Use aligned Wiki articles (concepts) in two languages to map words/documents in different languages into a common concept space.

Comments

"A reasonable trade-off between retrieval quality and runtime is achieved for a concept space dimensionality between 1000 and 10000."

Wednesday, March 13, 2013

Wikipedia-based Semantic Interpretation for Natural Language Processing. Evgeniy Gabrilovich, Shaul Markovitch.
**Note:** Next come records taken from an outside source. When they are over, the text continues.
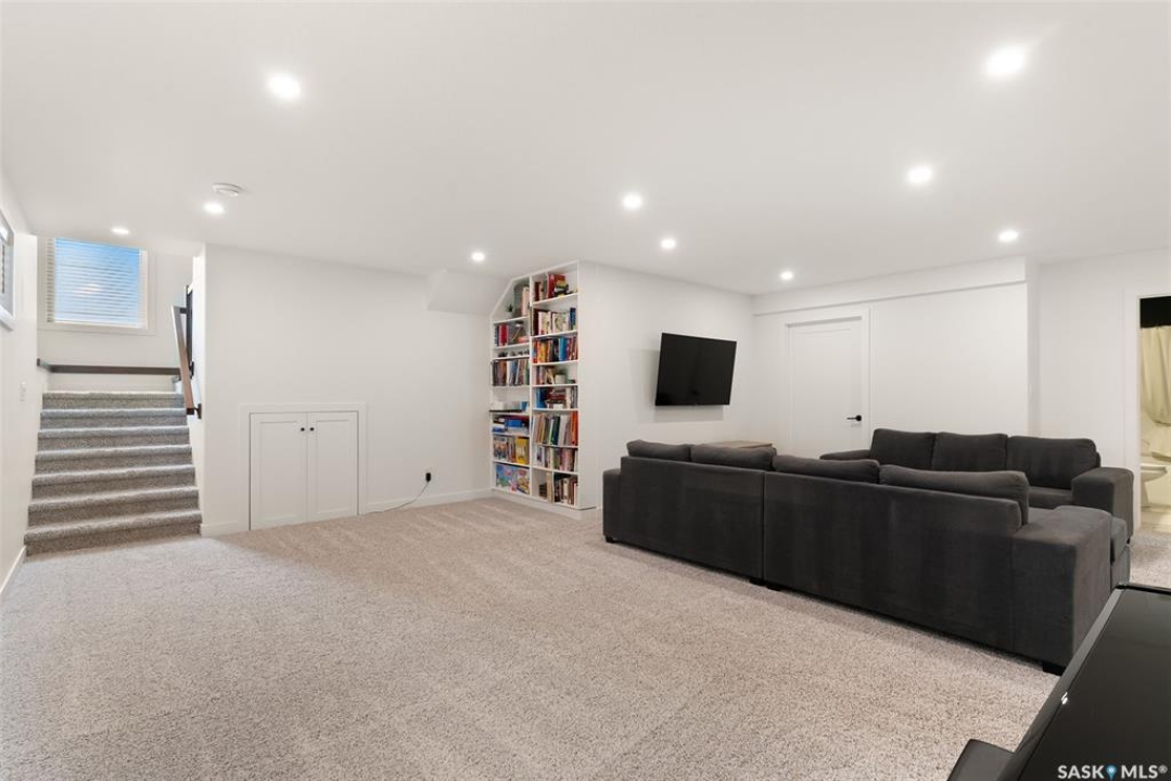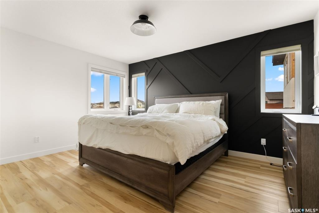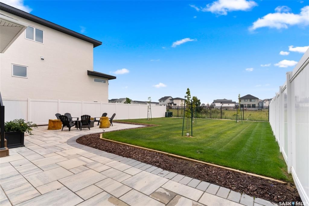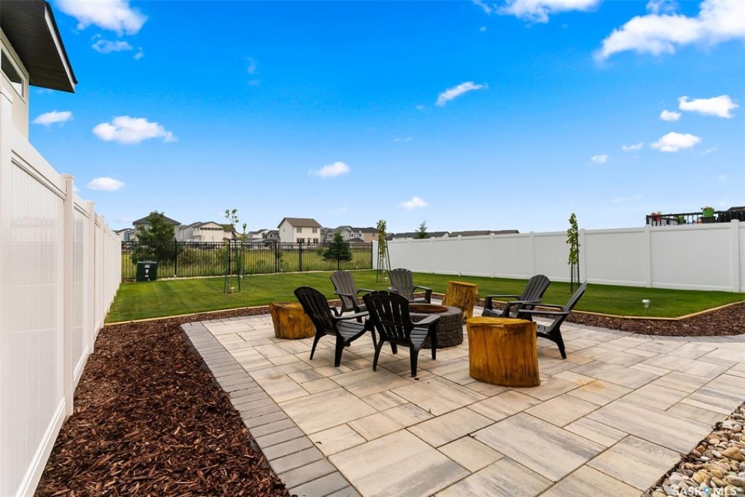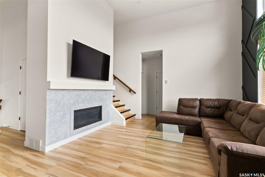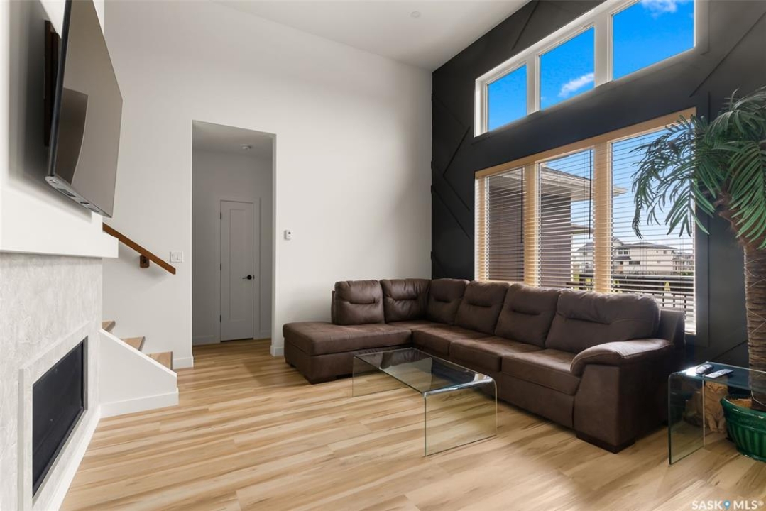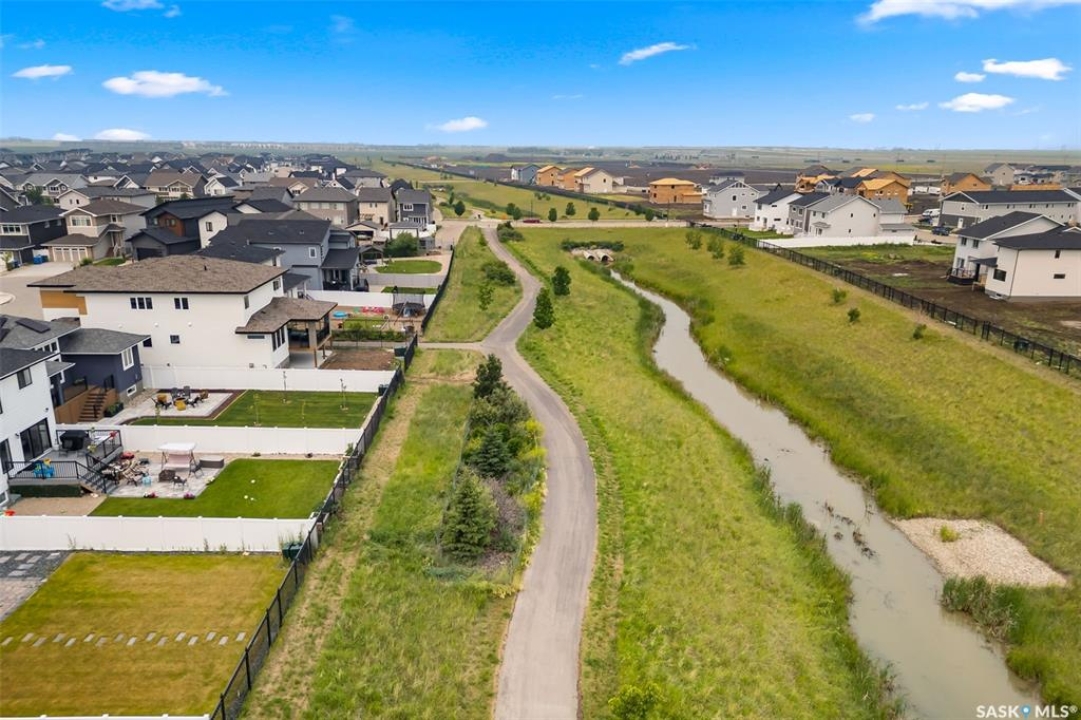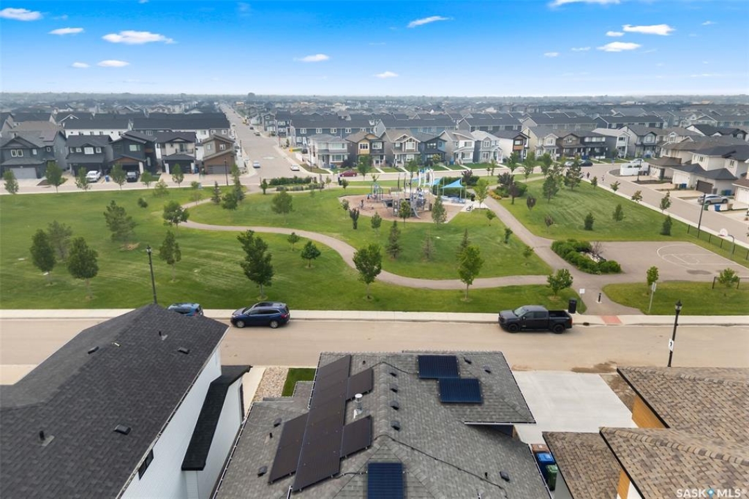 It's not every day you find a home that backs green space and fronts a park — but this one does! Located on a quiet cul-de-sac across from the Crosbie “Pirate” Park, this custom-built bi-level has no backyard neighbours and incredible curb appeal. The dark acrylic stucco, stone accents, and covered front entry create a welcoming first impression. Step inside to the spacious foyer with direct access to your heated double garage. The open-concept main floor feels bright and inviting. The two-toned kitchen features tall cabinets, quartz countertops, stainless steel appliances, and a walk-in pantry for extra storage. The living room has impressive high ceilings and a wall of windows that let the light pour in. Gather around the cozy gas fireplace or enjoy dinner with a view from the dining area that leads to your back deck and yard. Two bedrooms, a 4-piece bath, and laundry are conveniently located on this level. Upstairs, the private primary suite is your retreat with a large walk-in closet, dual vanities, and a beautiful ensuite. The fully finished basement offers plenty of space to relax or entertain with a family room, games area, and a built-in bookshelf for books or décor. The fun under-stair nook makes a great kids' hideaway, and the fourth bedroom is perfect for guests, teens, or a home office. A full bathroom completes the lower level. Outside, enjoy your partially covered composite deck with storage underneath, a fully fenced yard, and a firepit for cozy evenings. The solar panels are so efficient that you'll only pay SaskPower's minimum monthly fee. With schools and Starbucks just a short walk away, this home truly has it all — location, style, and a touch of everyday magic.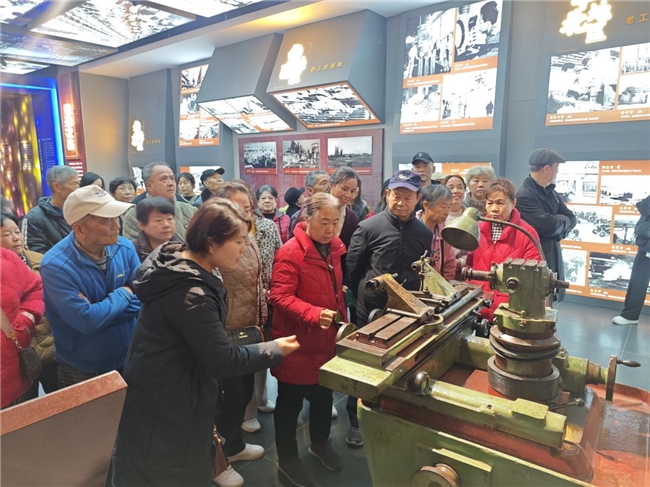 走进文化街区,复古的厂房建筑、斑驳的机器设备、充满年代感的标语海报,瞬间将老人们带回衡阳工业蓬勃发展的峥嵘岁月。不少亲历过工业建设时期的老人,看到熟悉场景纷纷驻足,追忆当年挥洒汗水、奉献青春的过往,相互分享亲身经历的工业故事,现场氛围温馨而热烈。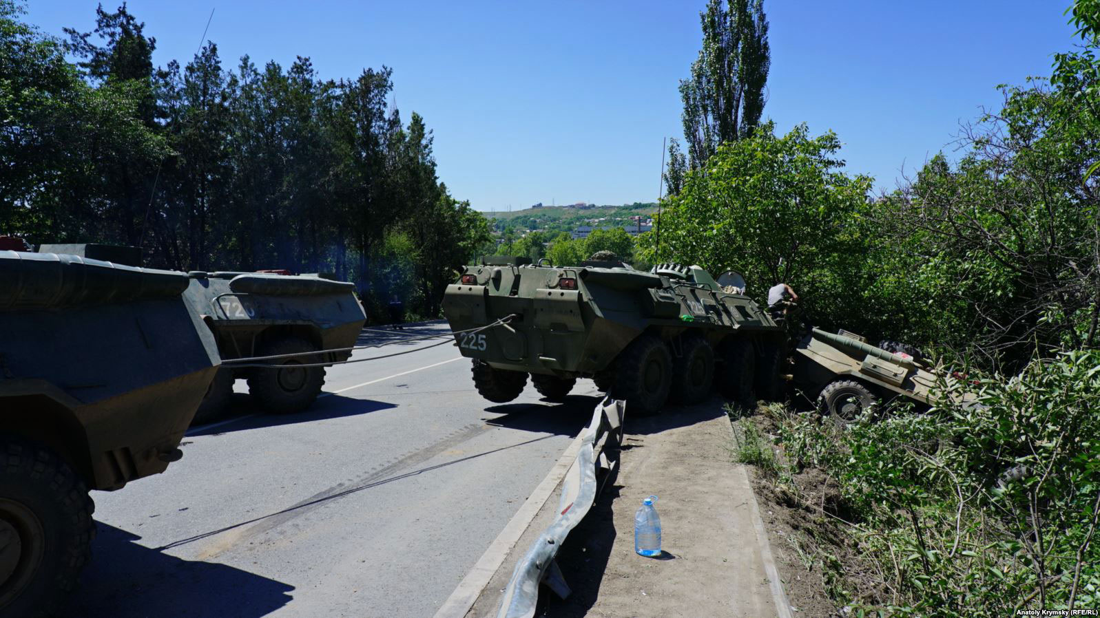 В Крыму, неподалеку от Симферополя, 14 мая российский военный бронетранспортер, который буксировал на жесткой сцепке неисправный бронетранспортер, стесал несколько десятков метров отбойника объездной ялтинской трассы.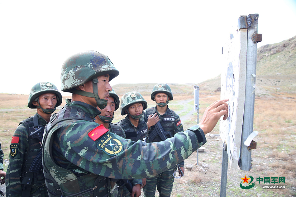 特戰隊員查看射擊成績。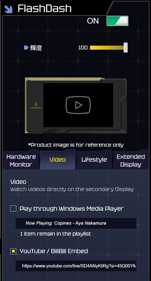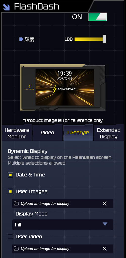この8インチ液晶は背面のUSB Type-Cとマザーを接続し、専用のUSBディスプレイドライバーを導入することで初めて利用可能になる。動作中はここにGPU温度やクロックなどの情報を表示させるほか、指定した動画ファイルを再生する、あるいは拡張デスクトップの一部として利用することも可能だ。近年PCケースの中に入れる小型液晶パネルが出回っているがRTX 5090 LIGHTNING Zはカードの表面にこれに近いものを組み込んであるのだ。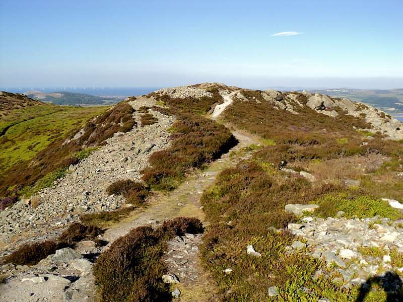 After the steep ascent of Foel Lwyd, Tal y Fan involved considerably less ascent, but was craggier and, therefore, harder and slower going. I reached the summit at 16.20 (checkpoint 39) but only stopped for five minutes there to have a drink, as I still had over six miles left to walk. There was some more craggy walking along the ridge until the path dropped down past an old slate quarry and onto much easier paths along the edge of the common, where I could make faster and easier progress. At the end of the ridge was a clearer view of Conwy Castle and the route over the hills near the coast. Further along the route crossed from the east of the common to join the North Wales Path along the western edge of the common on the way to the Sychnant Pass and the first road crossing since the start of the day. On the way I passed through a large area where fire had spread over the hillside through the gorse and heather, leaving charred telegraph poles and wooden waymarking posts, the plastic discs of which were burned or melted beyond recognition. The vegetation will, no doubt, recover in time - in fact it used to be common practice to burn off areas of moorland in a controlled fashion in order to clear deadwood and to encourage new growth. This was before pollution and other environmental issues curbed the practice. However, this was obviously not controlled burning, and showed just what can happen after a period of dry weather, either by accident or, more likely, as a result of arson.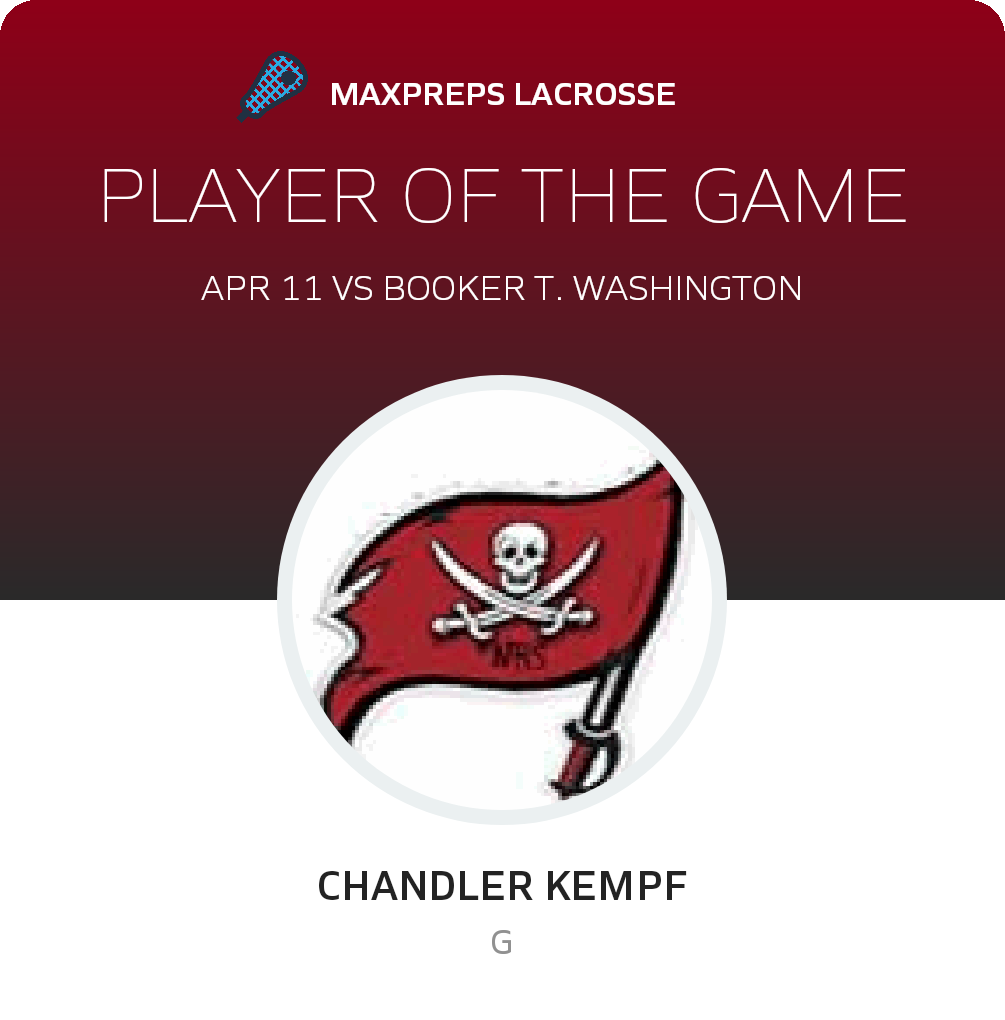 Congratulations to #26 Josh Bradshaw for being selected the Booker T. Washington Lacrosse Player of the Game.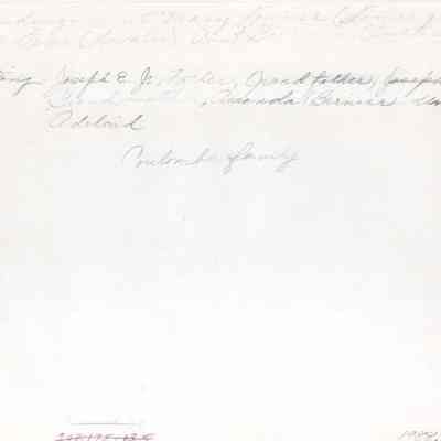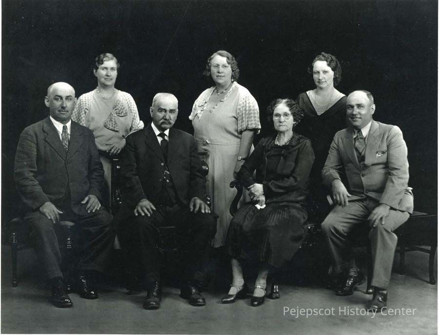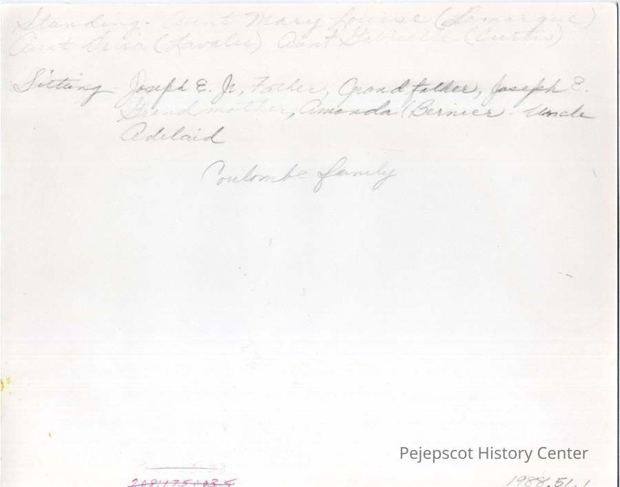 B/W reproduction of photograph of Coulombe Family. Standing: Aunt Mary Louise (Lannarque), Aunt Delia (Lavallee), Aunt Gabrielle (Curtis); Sitting: Joseph E. Jr., Father, Grandfather Joseph E., Grandmother Amanda (Bernier), Uncle Adelaid.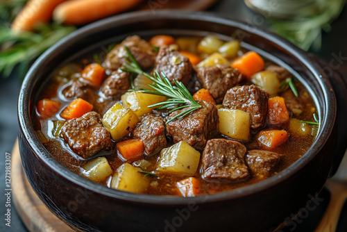 Meat stew with vegetables, beef Burgundy, meat goulash with vegetables.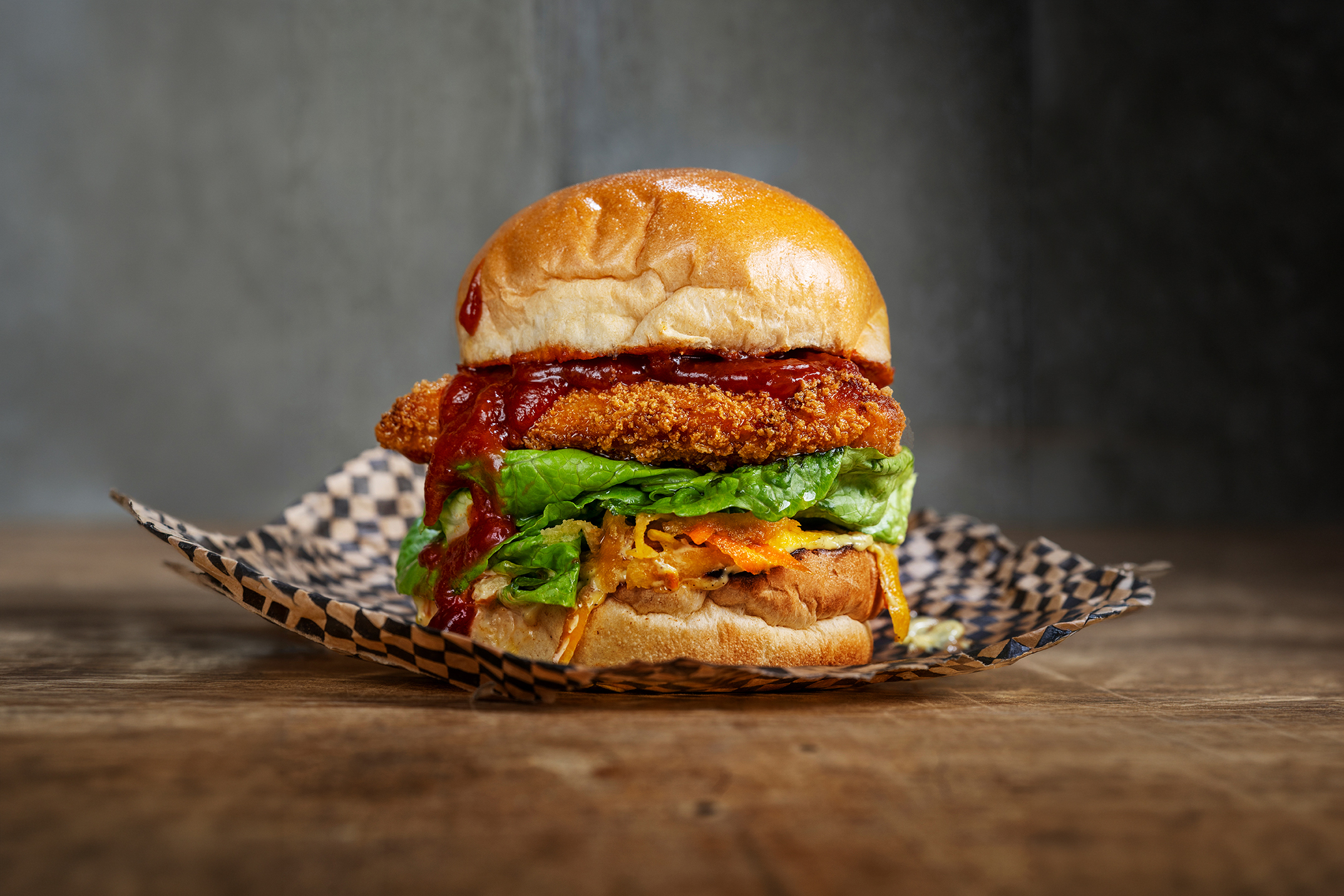 Sprøstekt kyllingburger med asiatiske smaker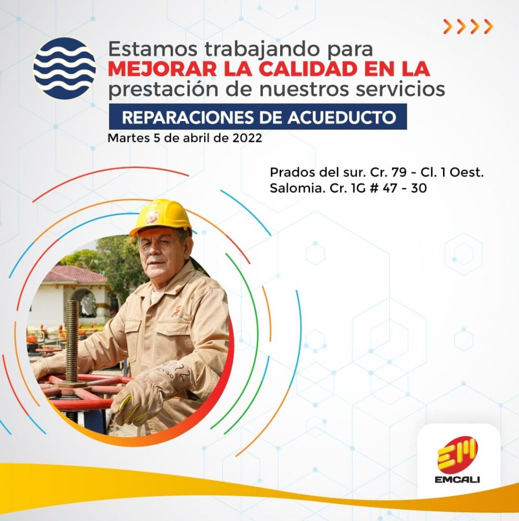 Empresas Municipales de Cali, Emcali anunció las reparaciones de daños de acueducto programadas para este martes, 5 de abril de 2022, en la ciudad de Cali.

JAIR 2009

(Noting here the details not mentioned in the entry for the IJCAI paper...)

Corpus preprocessing

Discard articles that have fewer than 100 non stop words or fewer than 5 incoming and outgoing links; discard articles that describe specific dates, as well as Wikipedia disambiguation pages, category pages and ``the like''; remove stop words and rare words (occurring in fewer than 3 articles), and stem the remaining words.
For text categorization: Document text is first tokenized, and title words are replicated twice to emphasize their importance. Then, stop words, numbers and mixed alphanumeric strings are removed, and the remaining words are stemmed. The bag of words is next merged with the set of features generated for the document ... and rare features occurring in fewer than 3 documents are removed. ... The generated features ... undergo feature selection using the information gain criterion.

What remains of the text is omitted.